Gates Foundation unveils portable ultrasound tech to check mortalities in pregnancies in Africa 

“As the world grapples with persisting healthcare inequities, initiatives like these offer a glimmer of hope, signalling a step forward in the journey toward universal healthcare access and improved maternal and child health outcomes.”

0
Gates Foundation unveils portable ultrasound tech to check mortalities in pregnancies in Africa 
portable ultrasound tech

In a bid to tackle the alarming mortality rates of pregnancy-related complications in remote areas in Africa, the Bill & Melinda Gates Foundation has unveiled ground-breaking, portable ultrasound technology.

Dr Anita Zaidi, President of Gender Equality at the Bill & Melinda Gates Foundation, disclosed this to the News Agency of Nigeria (NAN), on the sideline of the WomenLift Health Global Conference 2024, Dar es Salaam, Tanzania.

Addressing a global audience, Zaidi emphasised the dire need for accessible diagnostic tools in regions where healthcare facilities were scarce.

Radiation: From dishwasher, microwave oven to phone, mankind faces health threat

“Every year, nearly 300,000 women and over four million newborns perish due to pregnancy-related complications,” she stated, underlining the disproportionate impact on low- and middle-income countries.

She said that the innovative ultrasound devices, compact as a water bottle and equipped with artificial intelligence capabilities, aim to revolutionise prenatal care by enabling early detection of life-threatening conditions.

“By democratizing access to such technologies,” she asserted, “we can save more lives and ensure healthier outcomes for mothers and babies worldwide.”

According to her, field testing has showcased the effectiveness of the devices in identifying high-risk pregnancies, surpassing human capabilities in estimating gestational age.

“Furthermore, these advancements align with the Foundation’s broader mission to bridge healthcare disparities and foster equitable access to life-saving interventions,” she said.

With partnerships driving the development of these portable, affordable, and AI-enabled ultrasound devices, she remained optimistic about their potential to catalyse transformative change in maternal and child health outcomes globally.

She said “As the world grapples with persisting healthcare inequities, initiatives like these offer a glimmer of hope, signalling a step forward in the journey toward universal healthcare access and improved maternal and child health outcomes.”

She also announced the introduction of Vaccine Microneedle Array Patches (VMAPs), indicating that the device heralds a new era in vaccine delivery.

“These patches offer a solution to the challenges of traditional vaccine administration, particularly in regions with limited access to cold chain requirements and trained healthcare workers.

“Early trials demonstrate their effectiveness in delivering vaccines safely, with the potential to eliminate barriers to immunization and protect vulnerable populations from preventable diseases,” she said.

She discussed the transformative potential of next-generation diagnostic systems in identifying life-threatening diseases faster, more affordable, and with greater accessibility.

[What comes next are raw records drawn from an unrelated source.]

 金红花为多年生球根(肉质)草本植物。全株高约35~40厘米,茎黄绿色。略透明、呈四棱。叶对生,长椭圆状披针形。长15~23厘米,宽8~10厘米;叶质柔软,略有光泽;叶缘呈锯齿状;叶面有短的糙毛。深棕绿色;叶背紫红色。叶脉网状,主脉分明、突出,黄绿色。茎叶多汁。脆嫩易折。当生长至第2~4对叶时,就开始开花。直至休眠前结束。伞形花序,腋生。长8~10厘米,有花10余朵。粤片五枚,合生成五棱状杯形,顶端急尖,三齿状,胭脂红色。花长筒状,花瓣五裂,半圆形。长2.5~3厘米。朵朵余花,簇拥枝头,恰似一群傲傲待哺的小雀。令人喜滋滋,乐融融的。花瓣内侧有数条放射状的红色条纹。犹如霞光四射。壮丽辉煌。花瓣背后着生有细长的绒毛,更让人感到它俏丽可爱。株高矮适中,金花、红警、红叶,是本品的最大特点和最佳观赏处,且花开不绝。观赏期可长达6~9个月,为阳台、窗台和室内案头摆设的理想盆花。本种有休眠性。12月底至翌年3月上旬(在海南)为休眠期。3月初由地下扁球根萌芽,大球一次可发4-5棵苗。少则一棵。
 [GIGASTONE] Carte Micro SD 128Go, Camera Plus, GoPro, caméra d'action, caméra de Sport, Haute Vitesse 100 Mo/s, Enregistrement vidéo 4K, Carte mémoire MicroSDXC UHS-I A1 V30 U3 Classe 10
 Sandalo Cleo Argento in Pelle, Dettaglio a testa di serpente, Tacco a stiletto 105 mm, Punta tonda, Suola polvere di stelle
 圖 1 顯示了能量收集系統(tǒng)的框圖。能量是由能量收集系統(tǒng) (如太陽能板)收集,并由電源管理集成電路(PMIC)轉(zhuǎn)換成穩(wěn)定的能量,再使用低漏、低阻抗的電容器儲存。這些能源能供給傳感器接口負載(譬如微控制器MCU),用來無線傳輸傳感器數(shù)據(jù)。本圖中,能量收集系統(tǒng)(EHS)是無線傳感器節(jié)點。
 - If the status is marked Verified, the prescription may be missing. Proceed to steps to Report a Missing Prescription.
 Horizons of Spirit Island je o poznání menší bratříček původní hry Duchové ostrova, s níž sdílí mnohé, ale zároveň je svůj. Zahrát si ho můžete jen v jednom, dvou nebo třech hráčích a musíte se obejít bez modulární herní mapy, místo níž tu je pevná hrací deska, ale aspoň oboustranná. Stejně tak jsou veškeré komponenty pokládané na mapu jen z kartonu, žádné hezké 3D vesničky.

“These innovations, including low-cost tests and Extreme Volume Manufacturing (EVM) test strips, aim to revolutionize disease testing, particularly in resource-limited settings.

“By improving the speed and efficiency of diagnostic processes, these advancements have the potential to save countless lives and mitigate the spread of infectious diseases,” she said.

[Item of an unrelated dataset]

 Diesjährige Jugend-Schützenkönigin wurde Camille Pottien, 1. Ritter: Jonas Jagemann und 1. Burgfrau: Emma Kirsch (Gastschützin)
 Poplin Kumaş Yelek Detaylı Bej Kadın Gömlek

Meanwhile, Zaidi highlighted the importance of innovation in contraceptive technology to address the unmet needs of women worldwide.

“With a significant percentage of unwanted pregnancies and dissatisfaction with existing contraceptive methods, there is a pressing need for new solutions.

“Promising innovations, such as DMPA-SC and potential monthly pills, patches, and injectables, offer hope for improving contraceptive access and empowering women to make informed choices about their reproductive health,” she said.

She stressed the critical importance of Human papillomavirus (HPV), vaccines which prevent cervical cancer, a leading cause of cancer-related deaths among women globally.

Despite the effectiveness of HPV vaccines, she said, millions of girls and women lacked access to them, leaving them vulnerable to a preventable disease.

“New research supporting the efficacy of one-dose regimens offers a cost-effective and feasible solution to expand vaccine coverage and protect more individuals from HPV-related cancers,” she said.

NAN recalled that the Maternal mortality rate in Africa, published by Saifaddin Galal, showed that in South Sudan, Chad, and Nigeria, the maternal mortality rate was above 1,000 in 2020.

South Sudan recorded the highest number of mothers’ deaths per 100,000 live births. That year, for every 100,000 children, 1,223 mothers died from incidents related to or aggravated by pregnancy or its management.

The maternal death rate in Chad equalled 1,063, and Nigeria followed with 1,047 deaths per 100,000 live births.

Despite these gains, persistent challenges, include health inequities and barriers to accessing quality essential services.

Vulnerable groups, especially rural and low-income populations, face significant disparities in healthcare coverage.

Ongoing crises such as conflicts, climate change, and epidemics further exacerbate these challenges.